A customer signed up with an emoji in their display name, and the row saved with everything after the emoji chopped off. No error in the log. The column was utf8, and in MySQL utf8 has never been real UTF-8.
utf8 is a three-byte lie
MySQL's utf8 is an alias for utf8mb3: at most three bytes per character. It covers the Basic Multilingual Plane and stops there. Emoji, many CJK extension characters, and a pile of modern symbols are four bytes, and they do not fit.
What happens when a four-byte character lands in a utf8mb3 column depends on your SQL mode. In strict mode you get Incorrect string value: '\xF0\x9F...'. Without it, MySQL silently truncates the string at the offending byte and saves the rest. The second case is the dangerous one: no error, partial data, found weeks later in a support queue.
utf8mb4 is the fix. It is actual UTF-8, up to four bytes per character. New Magento installs use it. Plenty of stores set up years ago are still on utf8mb3 and inherit every one of these bugs.

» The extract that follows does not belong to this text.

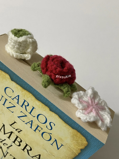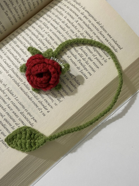 Marcapáginas Rosa Roja Hecho a Mano Tejido a Crochet

The migration looks like one line. It isn't.
The naive version:
ALTER TABLE customer_entity CONVERT TO CHARACTER SET utf8mb4 COLLATE utf8mb4_unicode_ci;Run that across a real Magento schema and you hit this fast:
ERROR 1071 (42000): Specified key was too long; max key length is 767 bytesAn index on a VARCHAR column is sized in bytes, and MySQL budgets for the widest possible character. Under utf8mb3, VARCHAR(255) costs 255 x 3 = 765 bytes, just under the old 767-byte limit. Under utf8mb4 the same column wants 255 x 4 = 1020 bytes, and the index is rejected.
Two ways out, and which one you need depends on your MySQL version:
- MySQL 5.7 with
innodb_large_prefixenabled, or MySQL 8.0 (where it is the default): the index limit is 3072 bytes onDYNAMICorCOMPRESSEDrow format. Most columns just work. This is where you want to be. - Older or misconfigured servers still capped at 767 bytes: indexed string columns have to drop to 191 characters (191 x 4 = 764 bytes) or index a prefix. 191 isn't magic, it is just the largest count that still fits.
Check the row format before you start:
SHOW TABLE STATUS WHERE Name = 'customer_entity';The column is only half of it
Converting the column does nothing if the application still talks to the database as utf8mb3. Character set is negotiated on the connection. If the client opens with SET NAMES utf8, a four-byte character is mangled in transit before it ever reaches your new utf8mb4 column.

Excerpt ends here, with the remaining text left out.